WHAT IS BEING ASKED ->
With the pictures left out, print exactly the lines below that run from the one containing "democracia no puede" through the one containing "Met een modern, tijdloos".

DATASET ENTRIES ->
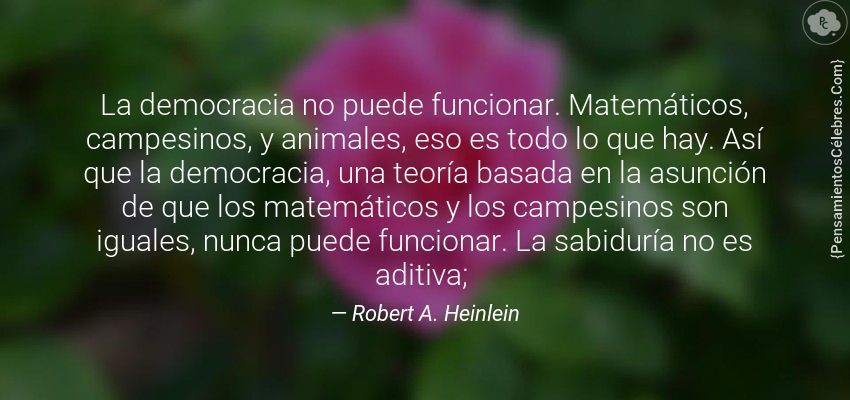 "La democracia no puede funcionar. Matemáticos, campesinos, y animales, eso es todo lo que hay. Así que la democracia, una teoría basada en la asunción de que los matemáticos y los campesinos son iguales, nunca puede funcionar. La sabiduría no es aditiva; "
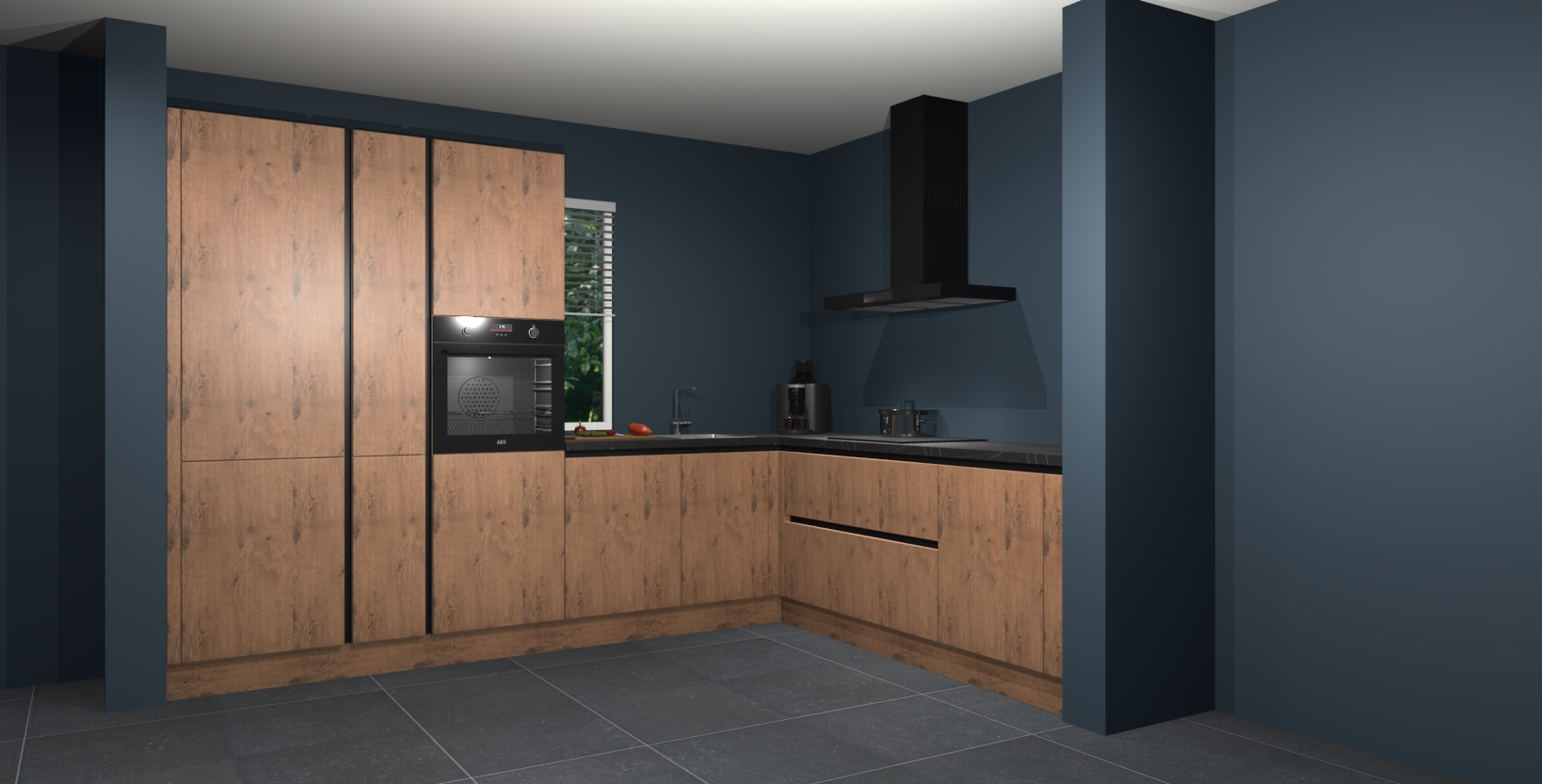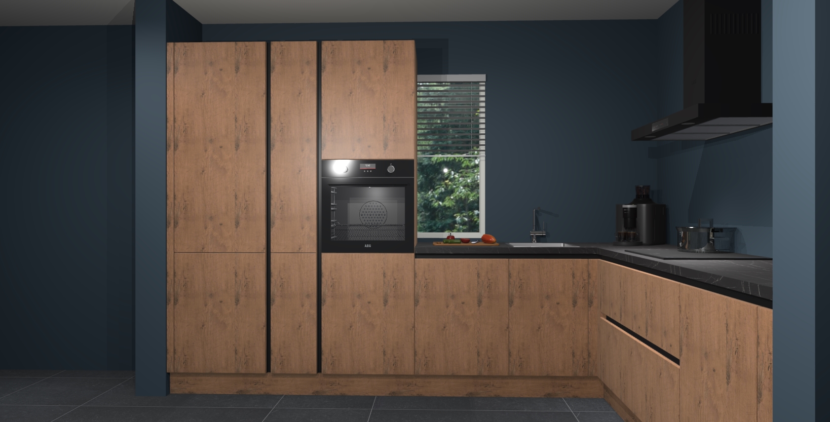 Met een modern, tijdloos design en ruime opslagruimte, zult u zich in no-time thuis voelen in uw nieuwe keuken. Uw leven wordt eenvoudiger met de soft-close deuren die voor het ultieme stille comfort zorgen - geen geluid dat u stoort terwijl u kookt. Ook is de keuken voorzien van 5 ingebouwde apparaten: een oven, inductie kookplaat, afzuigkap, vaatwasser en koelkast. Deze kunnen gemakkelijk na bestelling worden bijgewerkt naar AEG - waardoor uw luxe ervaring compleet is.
* * *
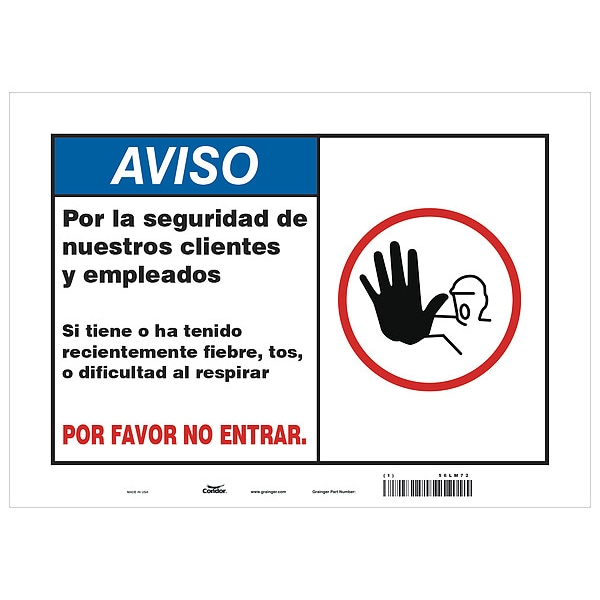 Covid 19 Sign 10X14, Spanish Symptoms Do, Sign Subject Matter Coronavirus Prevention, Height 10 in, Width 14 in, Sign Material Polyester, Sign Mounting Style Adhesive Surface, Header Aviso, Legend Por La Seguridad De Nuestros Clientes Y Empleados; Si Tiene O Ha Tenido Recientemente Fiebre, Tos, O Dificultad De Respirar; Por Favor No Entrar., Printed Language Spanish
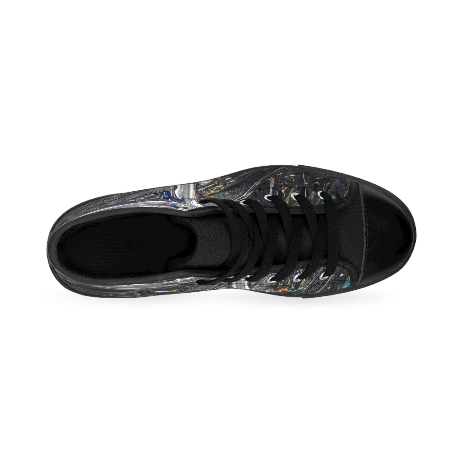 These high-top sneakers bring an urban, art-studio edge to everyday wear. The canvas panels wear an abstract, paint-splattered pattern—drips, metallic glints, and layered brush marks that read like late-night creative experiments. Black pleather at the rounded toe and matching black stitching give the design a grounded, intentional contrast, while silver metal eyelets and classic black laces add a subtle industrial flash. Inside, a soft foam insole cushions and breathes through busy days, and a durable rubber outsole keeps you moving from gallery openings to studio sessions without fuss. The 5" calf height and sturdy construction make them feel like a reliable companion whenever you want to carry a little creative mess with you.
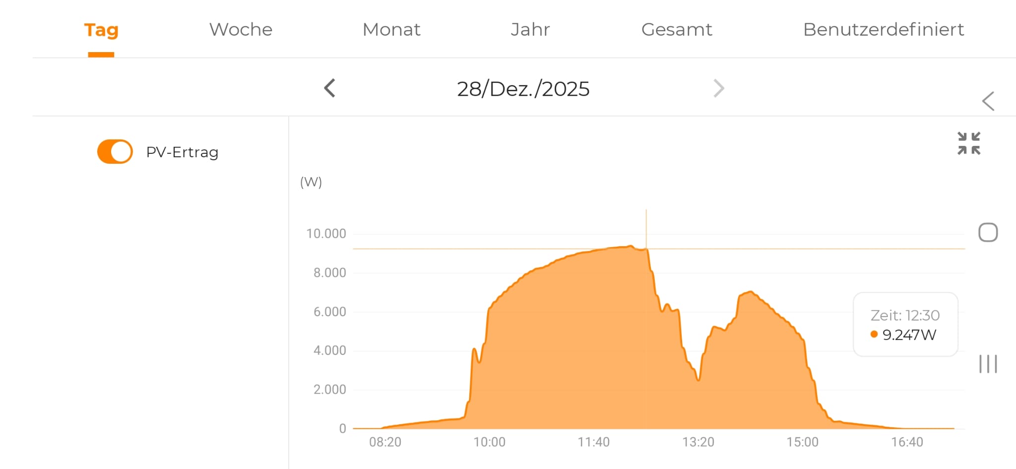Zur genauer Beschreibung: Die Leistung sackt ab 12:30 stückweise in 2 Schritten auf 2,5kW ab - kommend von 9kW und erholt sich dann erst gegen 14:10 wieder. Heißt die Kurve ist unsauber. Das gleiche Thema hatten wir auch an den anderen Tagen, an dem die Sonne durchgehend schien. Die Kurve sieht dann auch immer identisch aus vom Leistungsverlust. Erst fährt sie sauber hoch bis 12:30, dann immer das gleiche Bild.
...
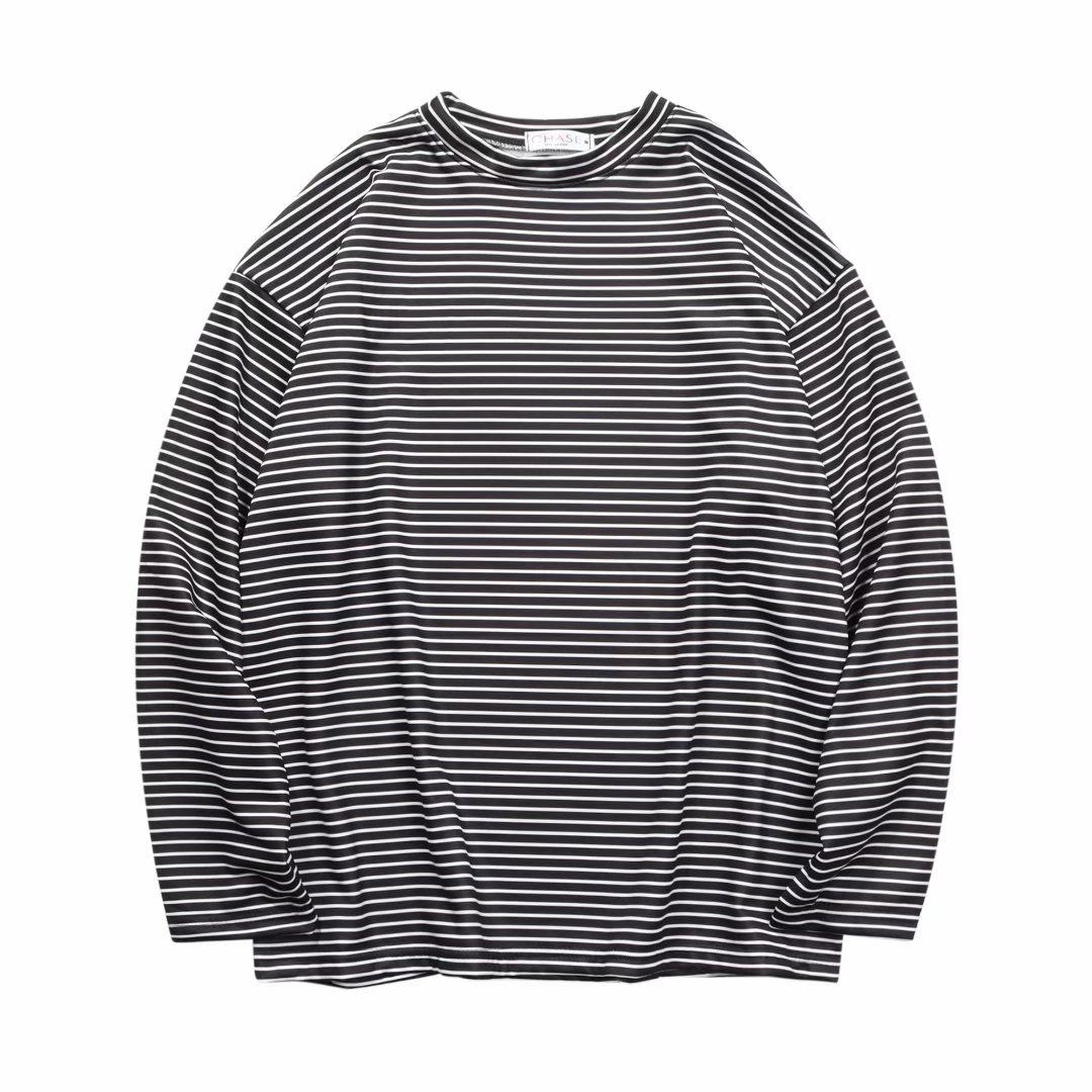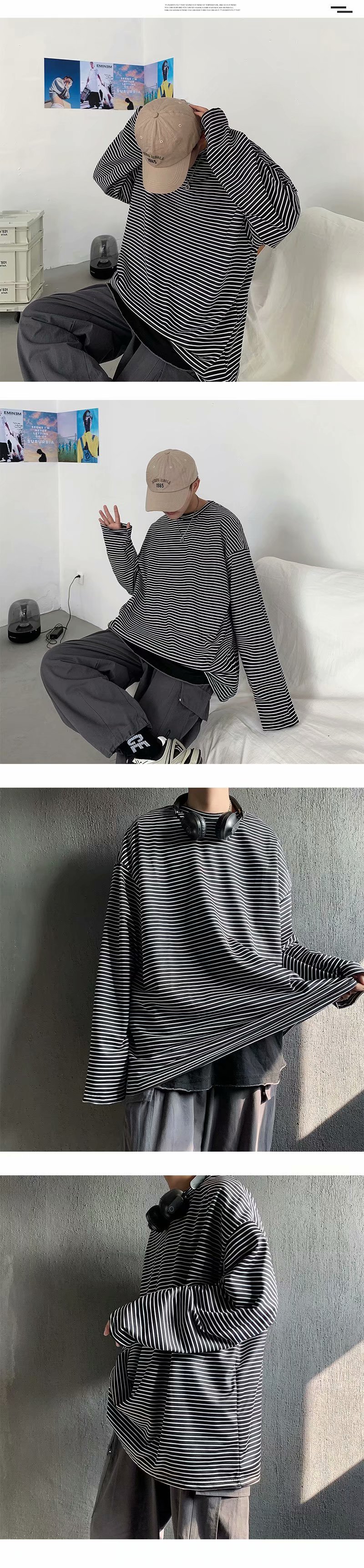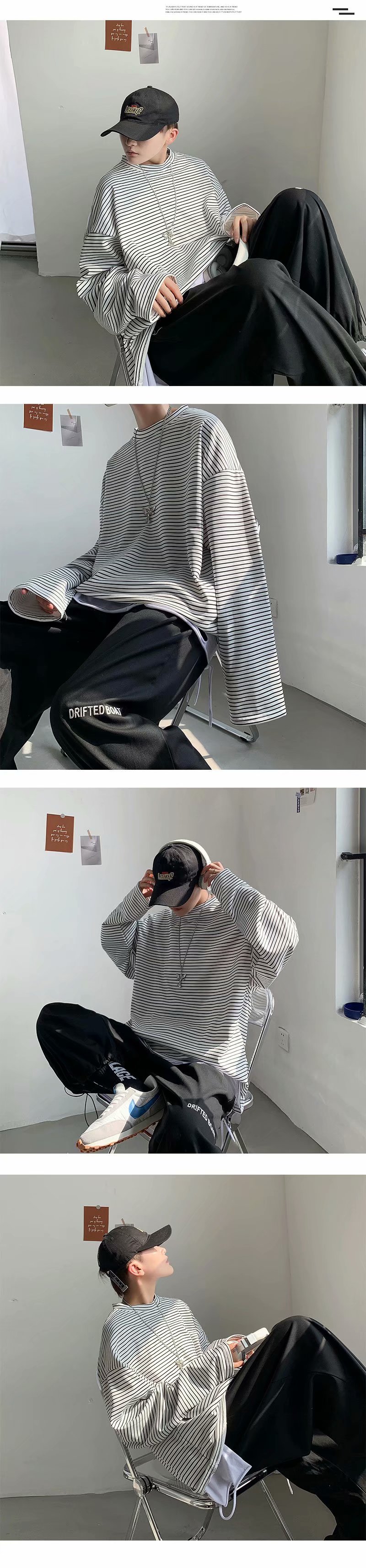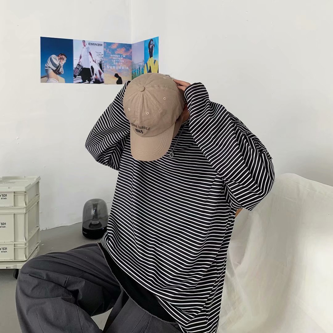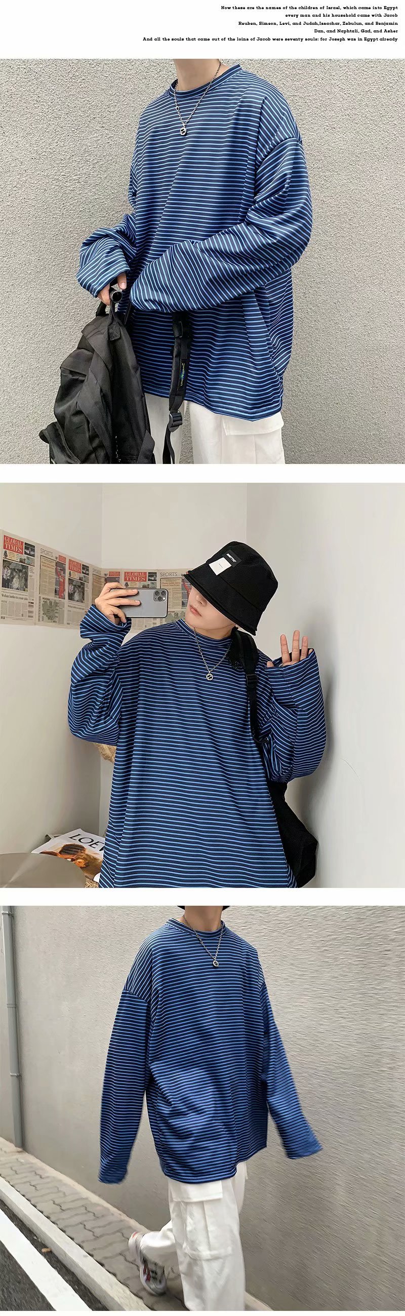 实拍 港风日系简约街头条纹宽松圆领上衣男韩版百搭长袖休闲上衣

ANSWER SPACE ->
 "La democracia no puede funcionar. Matemáticos, campesinos, y animales, eso es todo lo que hay. Así que la democracia, una teoría basada en la asunción de que los matemáticos y los campesinos son iguales, nunca puede funcionar. La sabiduría no es aditiva; "
 Met een modern, tijdloos design en ruime opslagruimte, zult u zich in no-time thuis voelen in uw nieuwe keuken. Uw leven wordt eenvoudiger met de soft-close deuren die voor het ultieme stille comfort zorgen - geen geluid dat u stoort terwijl u kookt. Ook is de keuken voorzien van 5 ingebouwde apparaten: een oven, inductie kookplaat, afzuigkap, vaatwasser en koelkast. Deze kunnen gemakkelijk na bestelling worden bijgewerkt naar AEG - waardoor uw luxe ervaring compleet is.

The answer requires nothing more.